Defining the vaccination window for respiratory syncytial virus (RSV) using age-seroprevalence data for children in Kilifi, Kenya
- PMID: 28531224
- PMCID: PMC5439681
- DOI: 10.1371/journal.pone.0177803
Defining the vaccination window for respiratory syncytial virus (RSV) using age-seroprevalence data for children in Kilifi, Kenya
Abstract
Background: Respiratory syncytial virus (RSV) is an important cause of lower respiratory tract disease in early life and a target for vaccine prevention. Data on the age-prevalence of RSV specific antibodies will inform on optimizing vaccine delivery.
Methods: Archived plasma samples were randomly selected within age strata from 960 children less than 145 months of age admitted to Kilifi County Hospital pediatric wards between 2007 and 2010. Samples were tested for antibodies to RSV using crude virus IgG ELISA. Seroprevalence (and 95% confidence intervals) was estimated as the proportion of children with specific antibodies above a defined cut-off level. Nested catalytic models were used to explore different assumptions on antibody dynamics and estimate the rates of decay of RSV specific maternal antibody and acquisition of infection with age, and the average age of infection.

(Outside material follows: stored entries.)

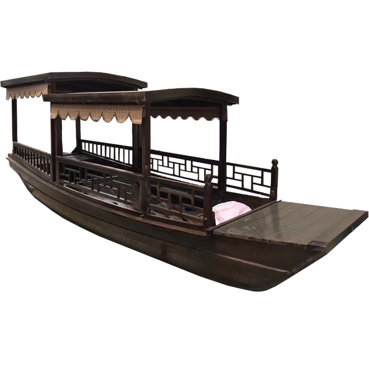 Wooden boat sightseeing tourist boat imitation ancient urcanopy boat landscape decoration boat hand-drawn electric cruise ship solid wood water catering boat-Taobao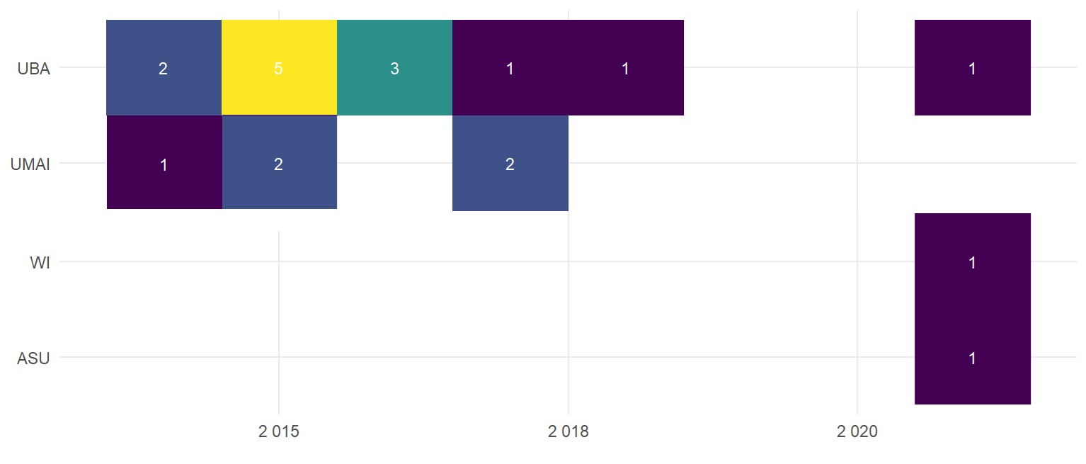 En lo que concierne a producción de artículos sobre autoestima por universidades, se destaca la Universidad de Buenos Aires (N=13), seguida por la Universidad Maimónides (N=5), ambas argentinas. Completan la lista 2 universidades norteamericanas, cada una con un artículo.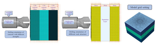 To better validate the response pattern of drilling signals to the layered space, a model of a mining two-wing PDC drill bit was established using SolidWorks software, and two design schemes were created, as shown in Figure 7. These schemes consider combinations of rock layers and layers of varying strengths. The right side of Figure 7 illustrates different structural combinations of rock layers, with a 20 cm thick gap left between the two rock mass models. The dimensions of the red sandstone specimens are 50 cm × 20 cm × 50 cm. The middle view of Figure 7 displays the combination of rock layers with different strengths, specifically C20 concrete, C10 concrete, and C30 concrete, with the same specimen dimensions of 50 cm × 20 cm × 50 cm, while the drill bit moves in the positive Y direction. After the model was constructed, it was imported into the ABAQUS numerical simulation software for computation. During the drilling process, the drill bit is assumed to be rigid and not subject to wear due to drilling; thus, it is simplified as a rigid body, and the surrounding rock mass is completely fixed. Since the rock-breaking process primarily occurs in the area of the rock model corresponding to the direction of the PDC drill bit, we performed mesh refinement in a specific region of the rock specimen aligned with the drilling direction to better simulate and calculate the PDC drilling and rock-breaking process. In contrast, locations further away from the PDC drill bit’s drilling direction were not subjected to mesh refinement. In this experiment, the refined mesh region predominantly utilized hexahedral elements with a mesh size of 1 mm. In the drill feed direction (Y direction), the model was further refined with a mesh edge length of 2 mm; the unrefined mesh at the far end also primarily employed hexahedral elements. The right side of Figure 7 provides a schematic representation of the model’s mesh partitioning. To effectively simulate the deformation and failure of the rock mass, a linear elastic model was employed for the elastic phase of the rock mass, while the Drucker–Prager model was utilized for the plastic phase. The parameters for the rock mass are detailed in Table 2. The distance between the drill bit and the rock specimen was maintained at 2 mm, with a reference point set at the drill bit’s end, to which a velocity of 60 cm/s and a rotational speed of 51 rad/s were applied. The analysis time step was set to 1 s. Since all data on the rigid body are equal, any node at the top of the drill bit was selected as a measurement point to extract the torque and thrust parameters at each frame, thereby validating the response pattern of the drilling signal.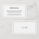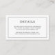 Simple petite carte de boîtier mariage avec un design moderne mais élégant avec vos détails entourés d'une fine bordure et votre monogramme sur le dos. Tous les éléments de conception sont en noir sur un arrière - plan blanc et peuvent être modifiés dans l'outil d'édition de conception. Un design chic et design qui conviendra à un couple minimaliste. Utilisez ces cartes d'enclos pour indiquer l'itinéraire et tout autre détail important que vos invités pourraient avoir besoin de connaître, comme l'hébergement à l'hôtel, le stationnement, les informations sur la navette, etc.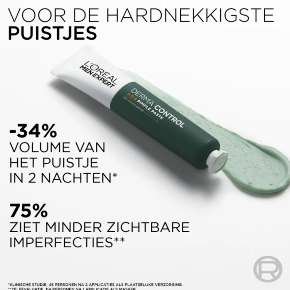L’Oréal Paris Men Expert Derma Control S.O.S. Pimple Paste is een crème die speciaal ontworpen is om puistjes aan te pakken. Hij kan gebruikt worden als zuiverend masker om zichtbare poriën te verminderen. De formule brengt de krachtige eigenschappen van niacinamide en salicylzuur samen om de talgproductie te reguleren en zo een doeltreffende oplossing te bieden tegen acne. Het resultaat: -34% volume van het puistje in 2 nachten, terwijl 75% van de gebruikers minder zichtbare imperfecties en volume van het puistje ziet. De lichte, romige textuur zorgt voor een moeiteloze applicatie zonder plakkerigheid.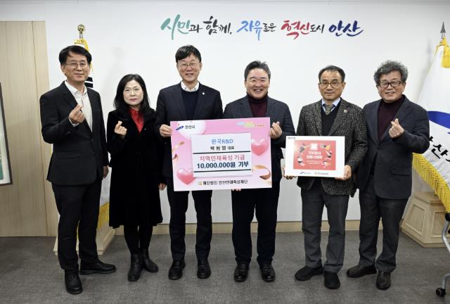이에 이민근 안산시장은 “지역 인재 육성을 위해 뜻깊은 장학금을 기탁해 주신 (주)한국R&D 대표님과 관계자분들께 깊은 감사를 드린다”며 “기탁해 주신 장학금은 안산의 우수한 미래 성장동력을 키우는 데 소중히 쓰일 수 있도록 하겠다”고 말했다.

Results: RSV specific antibody prevalence was 100% at age 0-<1month, declining rapidly over the first 6 months of life, followed by an increase in the second half of the first year of life and beyond. Seroprevalence was lowest throughout the age range 5-11 months; all children were seropositive beyond 3 years of age. The best fit model to the data yielded estimates for the rate of infection of 0.78/person/year (95% CI 0.65-0.97) and 1.69/person/year (95% CI 1.27-2.04) for ages 0-<1 year and 1-<12 years, respectively. The rate of loss of maternal antibodies was estimated as 2.54/year (95% CI 2.30-2.90), i.e. mean duration 4.7 months. The mean age at primary infection was estimated at 15 months (95% CI 13-18).
Conclusions: The rate of decay of maternal antibody prevalence and subsequent age-acquisition of infection are rapid, and the average age at primary infection early. The vaccination window is narrow, and suggests optimal targeting of vaccine to infants 5 months and above to achieve high seroconversion.